Ишан думал — вон как ты заговорил, едва перестал быть наркомом, теперь станешь активным! А сам кивал головой, показывая, что слушает и понимает…

— Вы, ваше преосвященство, все до ниточки, как мне известно, отдали Советам. За что же вы просите прощения у властей? Они у вас должны просить. Они у вас! — И ишан слушал и уже соглашался: да, они у меня. Он был не просто хорошим оратором, этот бывший нарком, он точные вещи говорил, без промаха. — А каково ваше сегодняшнее положение в глазах мирян? Оно особенно ценно! Вы отказались от всего мирского, сохранив в себе духовные богатства. Вам не нужны ни деньги, ни золото, ни кони, ни бараны, ни ласки женщин, ни иные наслаждения, вроде вина… Вы печетесь о совести мусульман, денно и нощно горюете о ней. Не так ли?

— Истинно так. Точно так, как вы сказали!

— А вы… Нельзя показывать, что вас убили духовно. Нет, вы не убиты. Ваша душа живет. И свет ее должен быть и будет виден далеко. Как свет луны ночью и свет солнца днем. Вот чего вы должны добиться. К вам же ходят тысячи паломников!

— Вы осведомлены о том, что место паломничества у нас осквернено и закрыто? — потупившись, спросил, ишан. — К нам почти не ходят.

— А к кому ходить, если вас нет на месте? — резко выговорил свой вопрос Обидов. — Это почти смешно!

Однако он не смеялся, скорее был хмур и грозен. А Салахитдин-ишан ощутил в его голосе, в нем самом силу, которой невозможно было не подчиняться.

— Что же делать? Научите.

И Рахим Обидов ответил, точно отдал приказ:

— Завтра же утром, ваше преосвященство, вы должны одеться в достойную вас одежду, явиться к усыпальнице, сесть рядом и принимать нуждающихся.

— Там… чайхана… красная…

— Пусть себе работает чайхана, не вы ее поставили в святом месте, и не вам ее стесняться. Она работает? А вы? И вы должны выполнять свою святую обязанность. Нация нуждается в вашем наставлении, раз в школах рассказывают про революцию, крейсер «Аврора», стрелявший по дворцу белого царя, и всякие расстрелы рабочих, которыми пытаются заменить вечно идущую вперед своими мощными шагами историю, предначертанную людям богом. Вы должны показать, что, охраняемый богом, не боитесь никого… Это ведь не просто какой-нибудь кишлак. Это Ходжикент, всегда притягивавший к себе поклонников мусульманских святых.

— Всегда… — вздохнул ишан.

— Пусть в первые дни вашего возвращения к усыпальнице не будет тысячи, даже ста человек… Пусть придет пять, всего-навсего пять, но они увидят вас на прежнем месте, и завтра будет десять, а послезавтра — больше… Снова — тысячи! Ваша слава поднимется до небес!

— Хвала вам, — сказал Умматали первые два слова за добрый час.

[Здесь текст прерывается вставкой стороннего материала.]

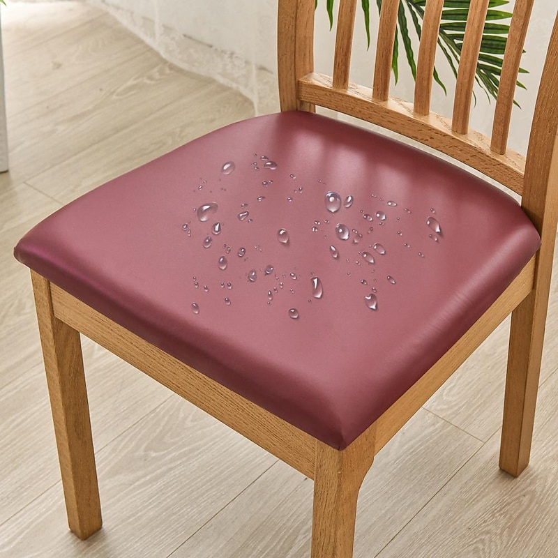 100% Waterproof Stretch Seat Covers for Dining Chair Slipcover Pu Leather Elastic For Dining Party Hotel Wedding Soft Washable 2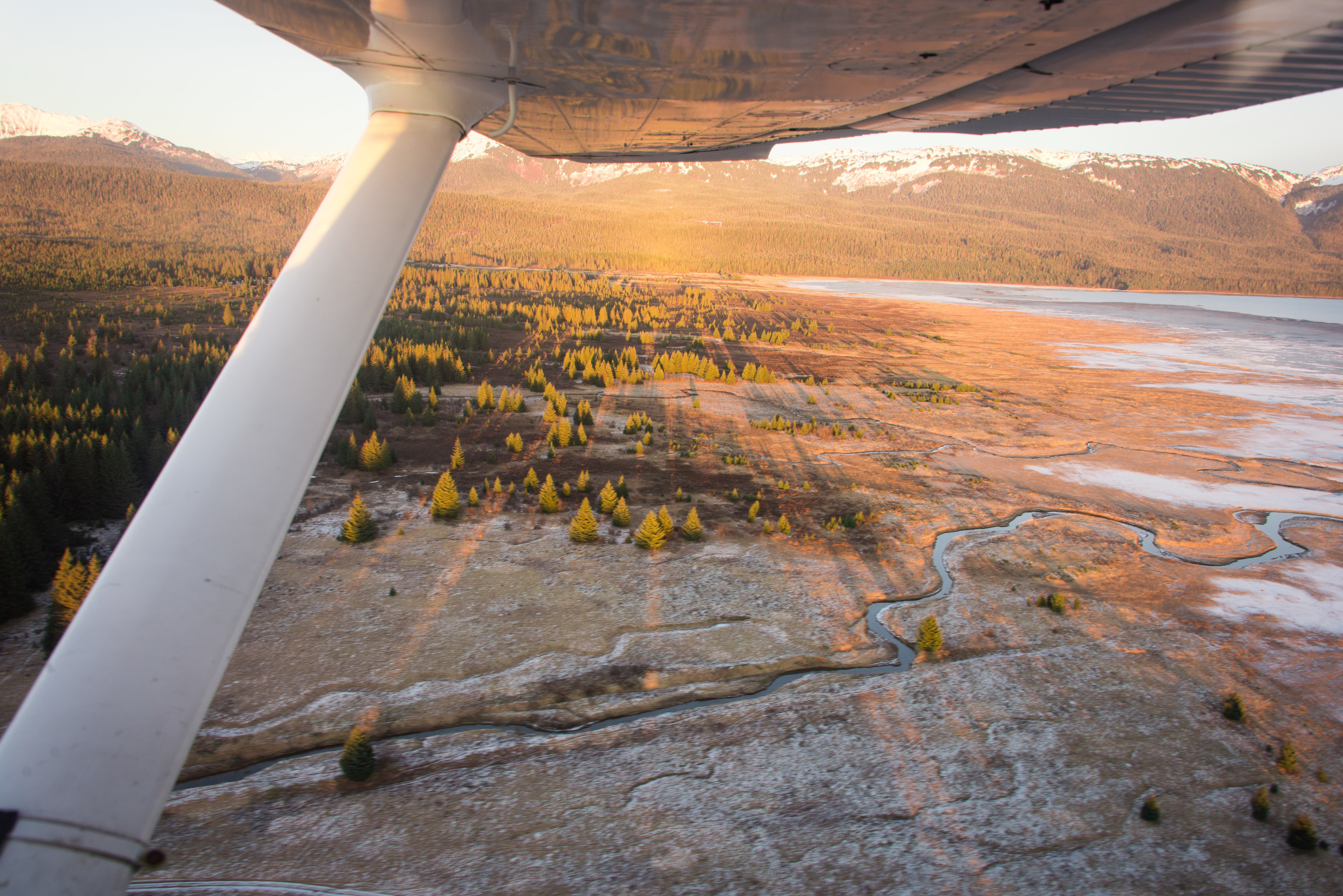 Orange and yellow sunlight illuminates Gustavus from a seaplane window.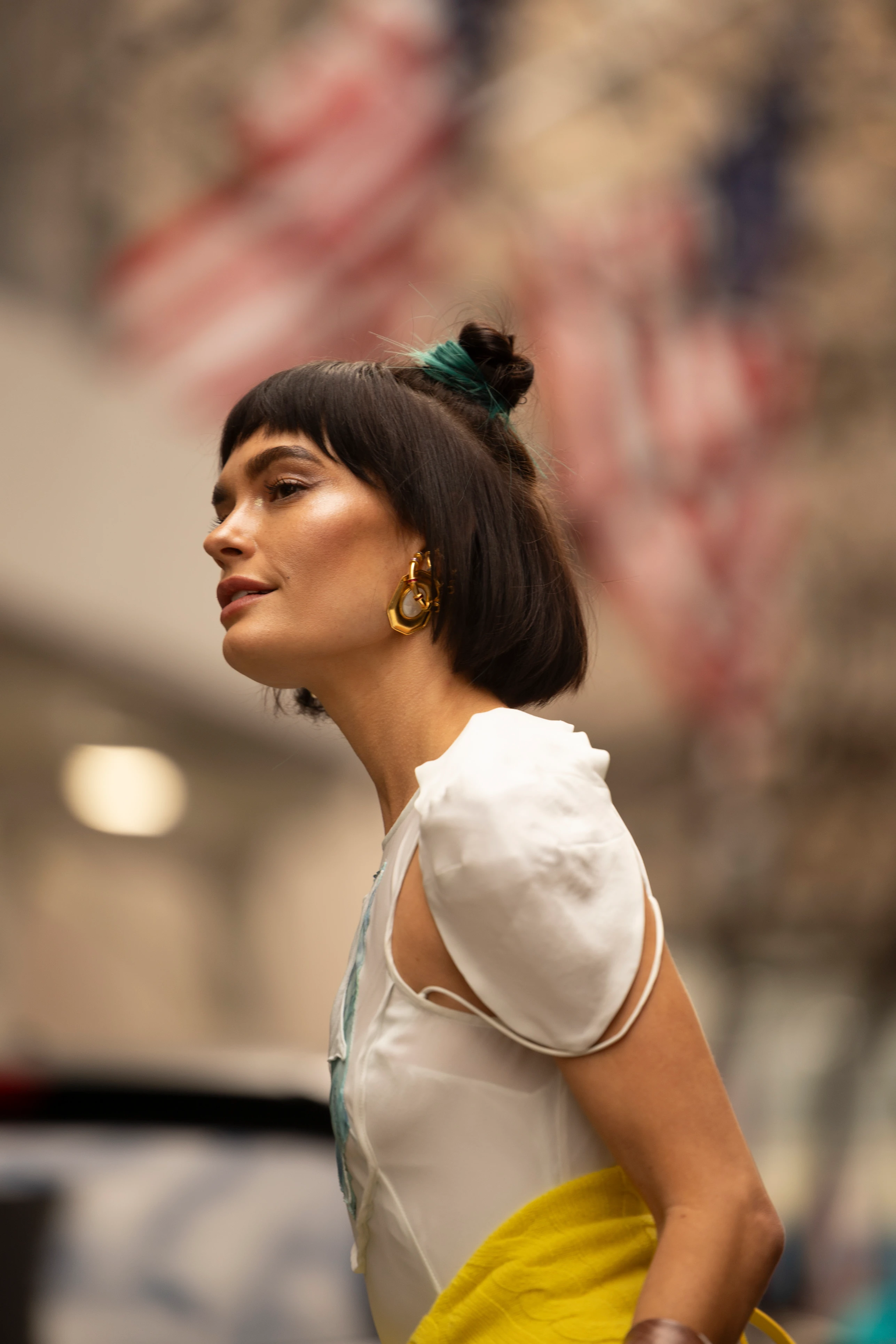 A színésznő kifinomult stílusa öltözködésében is megmutatkozik: az egyszerű, mégis elegáns ruhához tökéletesen passzoló, különleges magassarkút választott és színben passzoló ékszereket párosított.

А Рахим Обидов повернулся к нему: смотрел, и все.

— Это бывший глава дервишей, Умматали, — подсказал Обидий.

— Вам, Умматали, — отдал и ему приказ Обидов, — тоже не к лицу сидеть сложа руки. Где ваши дервиши?

— Одни — в товариществе… Работают на полях… Другие разбрелись, попрошайничают по кишлакам…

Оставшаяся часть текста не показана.